Dreamers of the Ghetto: Enemy/Lover

Dreamers of the Ghetto
Enemy/Lover
Temporary Residence
2011-10-04

Dreamers of the Ghetto hail from Bloomington, Indiana, and consists of brothers Luke and Jonathan Jones, plus Luke’s wife (and Jonathan’s sister-in-law) Lauren, as well as apparent familial outlier Marty Sprowles. Rather than attempting the sort of freak folk affair that’s so popular with the kids these days, this quartet opts for the big stadium sound of classic era U2 with dashes and dots of Depeche Mode thrown in as well as a criss and a cross from the xx.

It takes the group a moment or two to gain its foothold in the listener’s ear – the opening invocation “Antenna” is nice and all but would ultimately be insubstantial and insignificant were it not merely a prolonged intro for the more focused and melodic “State Of A Dream”, which recalls the early Alarm as much as it recalls Hewson and Co. But it’s not until the catchy-as-the-flu “Connection” that you’re really aware of the power and promise of this band. If there’s a bona fide hit and radio-friendly unit to be had here, it’s probably that one. Once the group has established that groove, other, tastier, hookier pieces follow. “Regulator” is dark and dance-worthy, “Night Hawks” reminds the listener that guitars were invented for a reason – and that’s to add mysterious layers and delicious dashes to slow-building, atmospheric songs.

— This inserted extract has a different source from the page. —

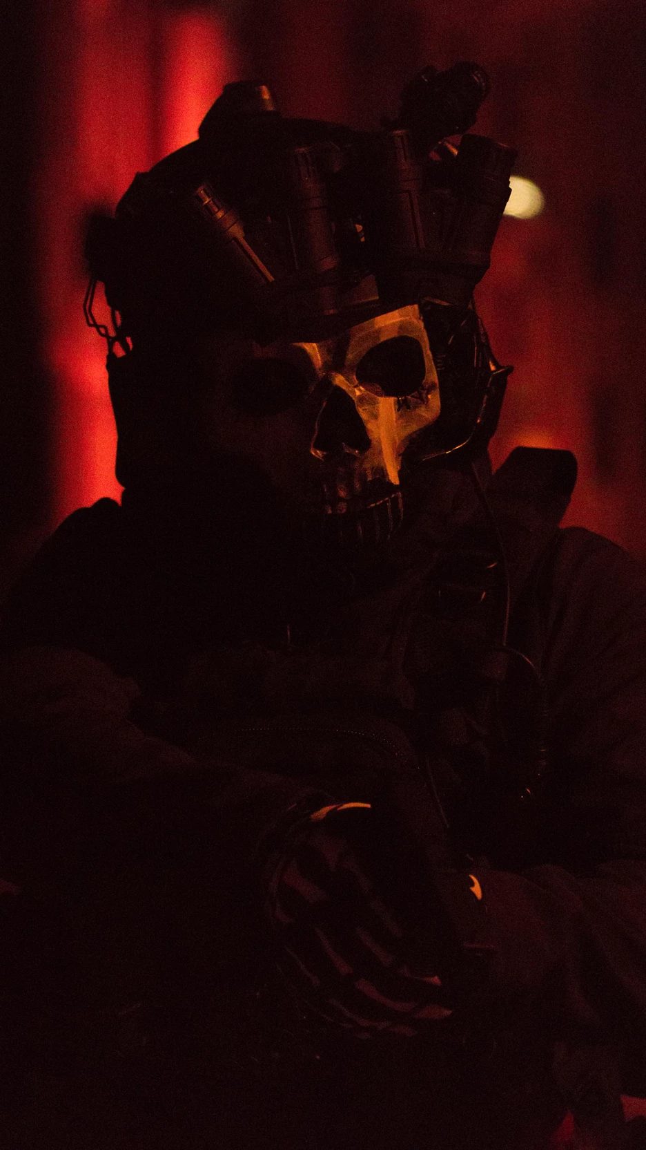• Sometimes wears skull-patterned shemagh or tactical scarves in addition.
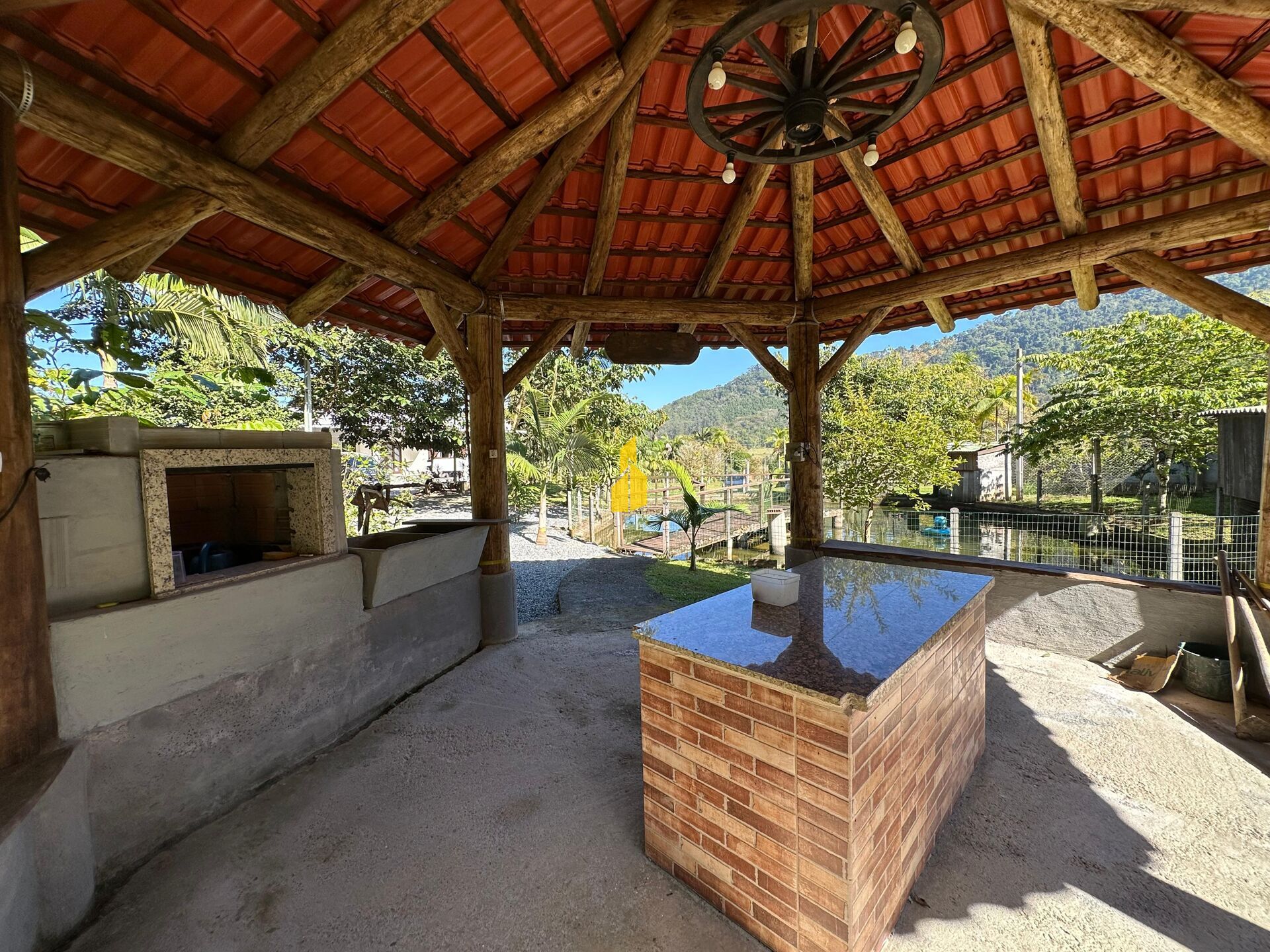 Uma cozinha com fogão a lenha, área de serviço, churrasqueira para sua comodidade e conta com portão eletrônico que garante segurança e comodidade .

The group offers up two epics, both of them recalling the aforementioned Alarm. The first, “Always”, clocks in at just under seven minutes and features plenty of heartfelt emoting and hand-clap beats that build and build the deeper we get into the heart of its carefully constructed core. The other, the closer, “Tether”, takes its own sweet time to get where it’s going and at more than seven minutes it’s sometimes hard to know exactly where that is.

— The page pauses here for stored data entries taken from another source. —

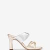 πέδιλο τετράγωνο από δέρμα μεταλλικό. ασορτί φαρδιές στριφτές τιράντες στο βαμπ και στο μπροστινό μέρος. 8cm ασορτί τετράγωνο τακούνι. δερμάτινη σόλα.
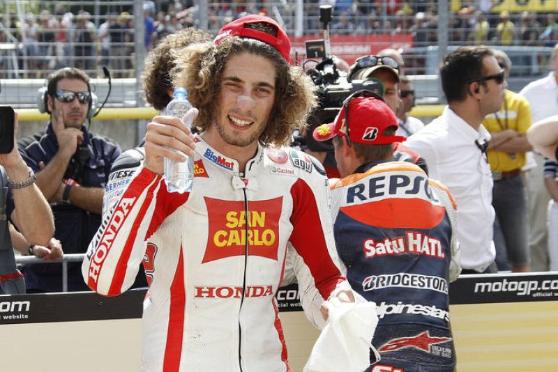 El Gran Premio de Indianápolis ha vuelto ha dejar claro que los pilotos españoles son los que mandan en el Mundial de MotoGP. De nueve podios posibles, los españoles ocuparon seis. Pedrosa y Lorenzo en MotoGP, Elías y SImón en Moto2, y Terol y Pol Espargaró en 125cc (30/08/2010).
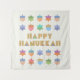 A festive geometric Happy Hanukkah design with colourful dreidels and stars. A modern, non-traditional design with stylized dreidels and Star of David shapes.
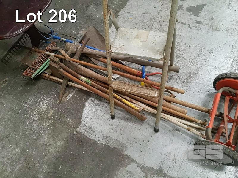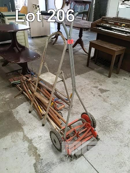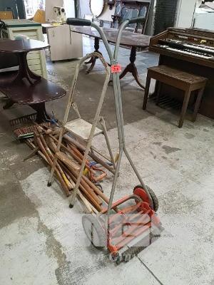 PUSH LAWN MOWER, STEP LADDER, AXES, PICKAXE, POINT PICK, SHOVEL, WOOD SPLITTER AND OTHER GARDEN IMPLEMENTS
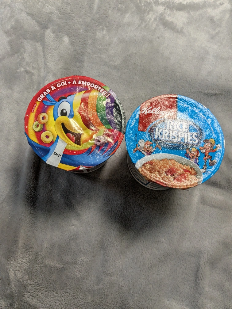 Two unopened single-serve cereal cups. One Froot Loops and one Rice Krispies. Grab and go breakfast.
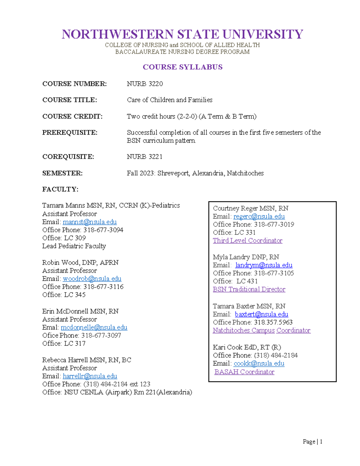 Fall 2023 Syllabus 3220 B Term NORTHWESTERN STATE UNIVERSITY COLLEGE
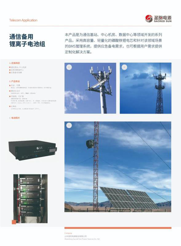 圣陽電源自2009年以來,陸續(xù)投入鋰電產(chǎn)業(yè)規(guī)劃建設,結合客戶應用場景,提供定制化產(chǎn)品和解決方案,在海內外市場得到廣泛應用。先后應用于通信基站備用、數(shù)據(jù)中心機房、變電站直流屏、戶用儲能、規(guī)模儲能及相關UPS配套等領域。在通信備用領域,與中國移動、中國電信、中國聯(lián)通、中國鐵塔、法國電信、德國電信等國際知名運營商形成長期合作關系。
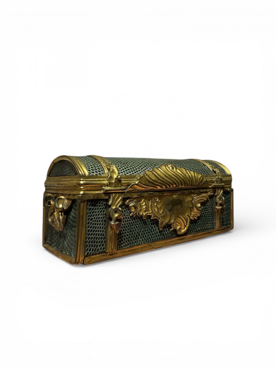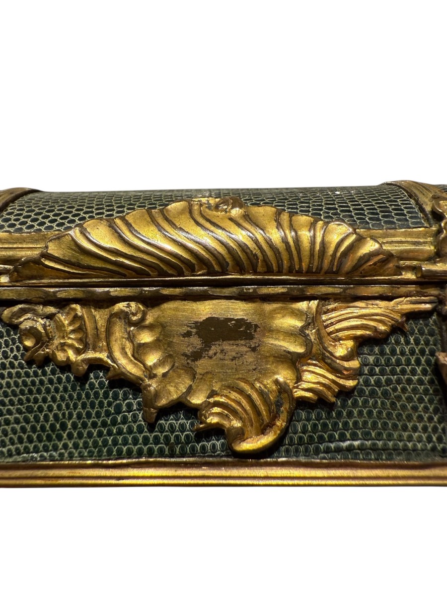 A small rectangular 18th-century casket, crafted in gilt bronze and decorated in the Louis XV style. The slightly domed lid is encircled by molded bands and features a surface decorated to resemble reptile skin, likely an inlay or surface treatment typical of luxury objects of this period. The front is dominated by a large, finely chased rocaille cartouche composed of asymmetrical volutes, scrolls, and foliate motifs characteristic of the Louis XV style. The corners are accentuated with small sculpted heads and ornaments, adding relief and elegance to the whole. The sides and back repeat the same textured decoration, framed by gilt moldings. The interior, also gilt, displays an old patina with traces of oxidation, attesting to its age and authenticity. This box, probably intended to hold small precious objects — jewelry, gloves, or writing accessories.
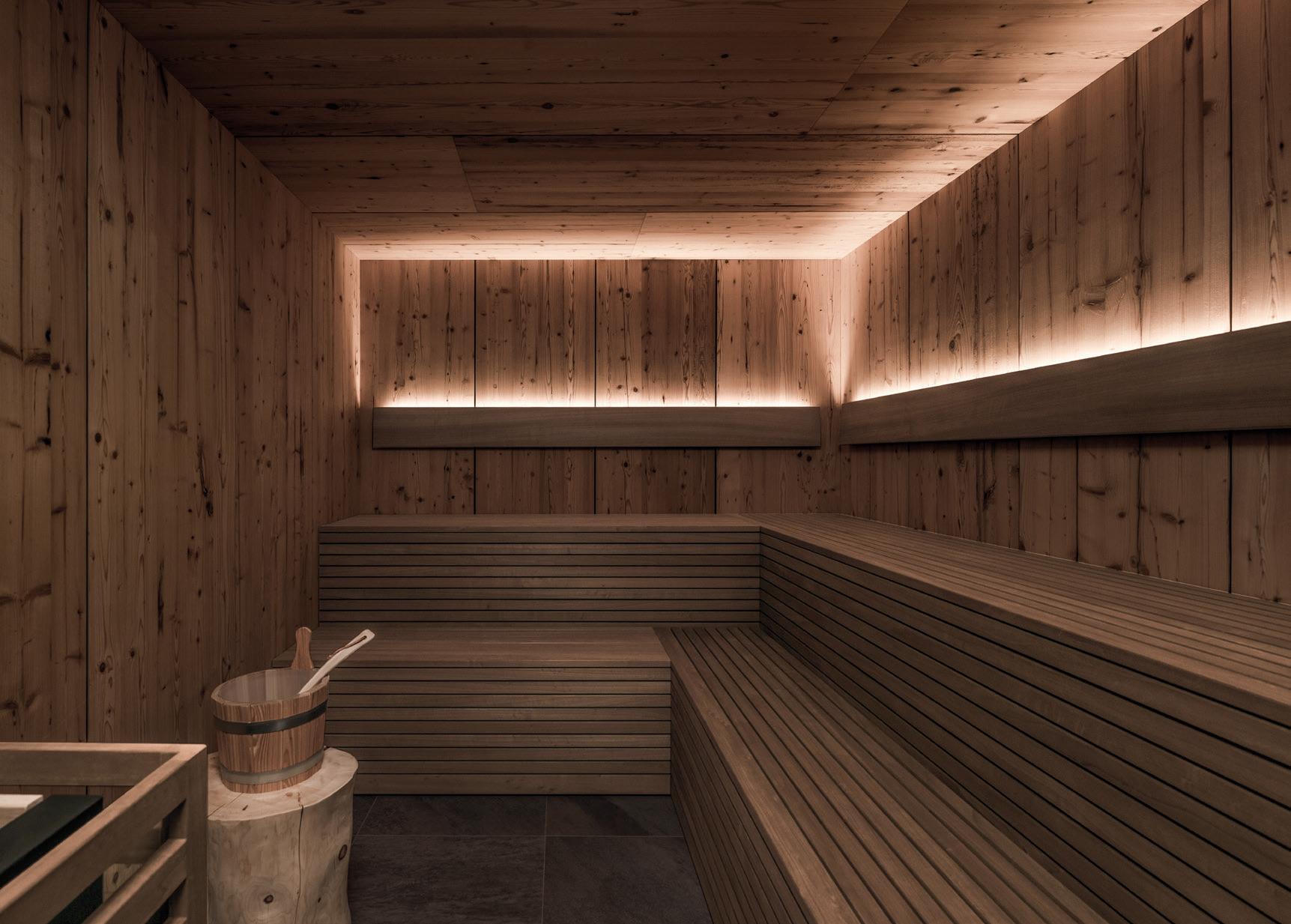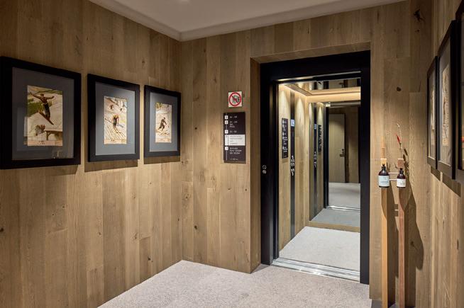 gewölbekeller ein stimmungsvolles Ambiente. Der Wellnessbereich im ersten Untergeschoss umfasst eine finnische Sauna, eine Biosauna und einen Ruhebereich mit direktem Blick auf den begrünten Hof. Vom Skiraum aus gelangen Gäste direkt auf die Piste. Außerdem gibt es separate Waschbereiche für Gäste und Betrieb sowie öffentlich zugängliche Sanitäranlagen, die den Aufenthalt besonders komfortabel gestalten.

If there’s unifying criticism of this album, it’s just that too often this quartet is on its way somewhere, but doesn’t really seem to have mapped out the journey all that clearly. The audience waits and waits and waits, and when the plan is finally revealed you have to wonder if it’s all worth it. Songs build to climaxes that are short-lived or emotionally flat compared to what’s promised at the start; choruses are big but don’t really have the impact, emotional or otherwise, you might expect.

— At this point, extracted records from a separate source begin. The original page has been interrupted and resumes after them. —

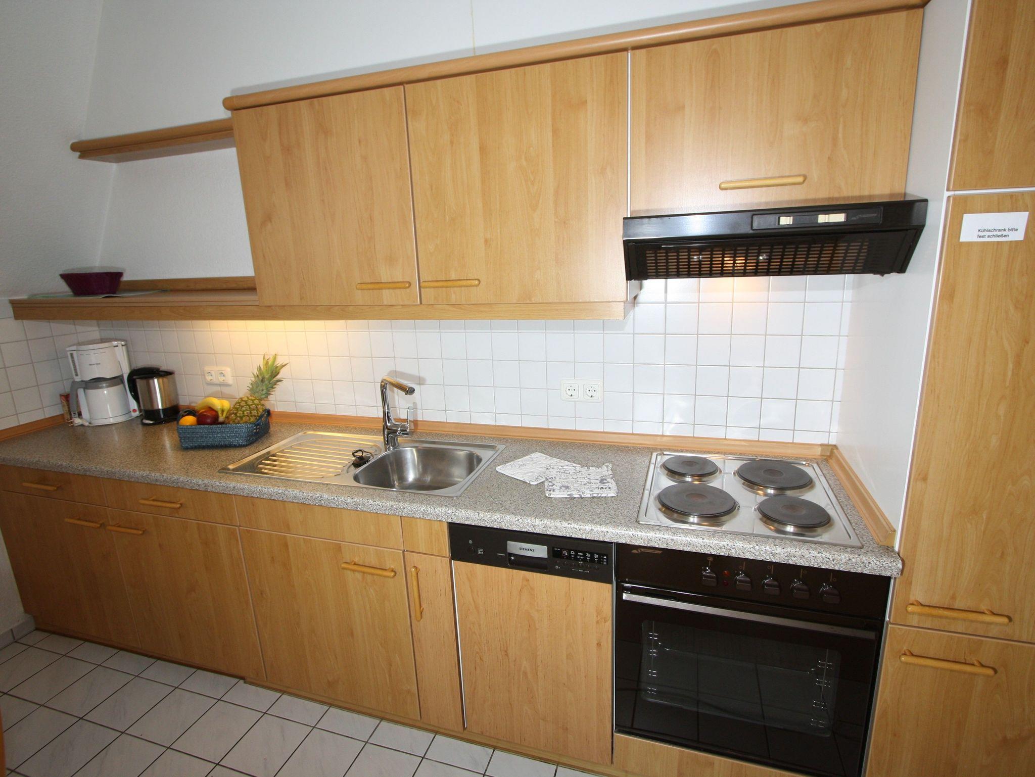 In der langen Küchenzeile finden Sie viel Stauraum, Mikrowelle, Spülmaschine, 4-Platten-Herd, Backofen, Kühlschrank mit Gefrierfach und natürlich ausreichend Geschirr. Die Ausstattung vervollständigen Kaffeemaschine, Wasserkocher, Toaster, Eierkocher, etc.
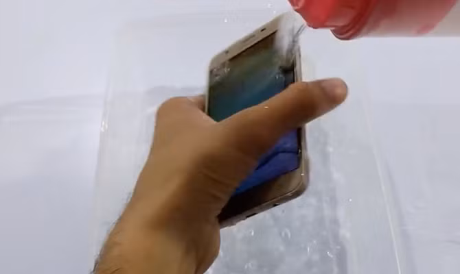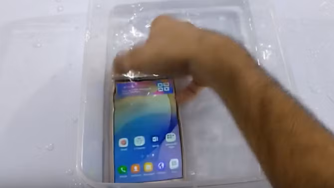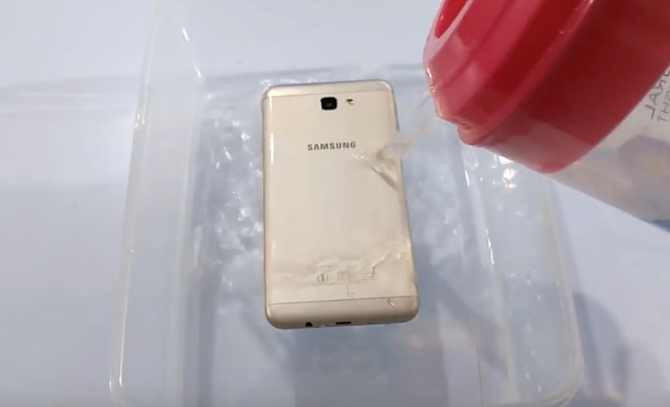 VietTimes -- Kênh YouTube Unbox Extinction vừa đăng tải video mô tả cảnh chiếc Galaxy J7 Prime "tắm rửa", liên tiếp bị dội nước, thậm chí bị dìm ngập nước nhiều lần. Kết quả là Galaxy J7 Prime vẫn hoạt động bình thường khi thử bật các tính năng camera, loa ngoài, cảm ứng của máy vẫn mượt mà sau khi lau sơ qua.
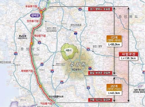 국토부는 포스코건설 컨소시엄과 앞으로 실시협약 체결, 실시설계 등 절차를 거쳐 2017년부터 2022년까지 평택∼부여 1단계 구간부터 건설할 계획이다.
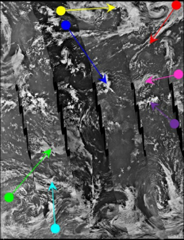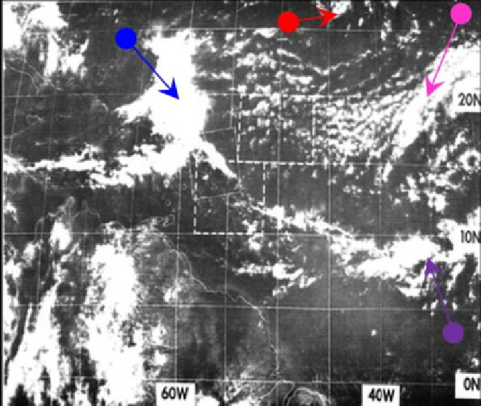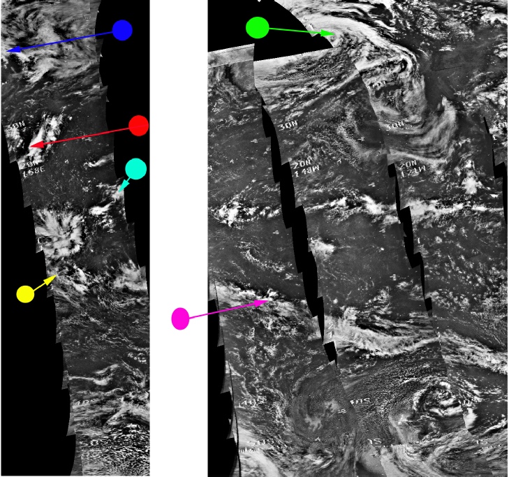 The observant reader will have noticed several more images in figure 4.3.3.9 than is usual, with the additional images coming from detailed sections of an ATS image from a journal, , ATS strips from a University of Wisconsin report, and an ESSA image from the BOMEX study referenced in the introduction to this section. The cyan arrow in figure 4.3.35 picked out the area between a pair of parallel clouds, which in this figure have been picked out by the magenta and purple arrows, as using both clouds allows more detail to be picked out in the zoomed in ESSA & ATS image.

In that way Dreamers of the Ghetto have made some forgivable errors, signs of a band that’s still finding its way, trying out its direction and finding how this fits into that. This is further exemplified by tracks such as “Dark Falcons” and “Phone Call”, tracks that are good but are not equal to the better ones the group develops capably elsewhere.

So if this is a bit of a flawed affair, if it falls a little short of the promise that precedes it, all is forgiven. There are bands that commit sins of ambition that are far more offensive and fail without the grace Dreamers of the Ghetto have here. That alone is worth the price of admiration.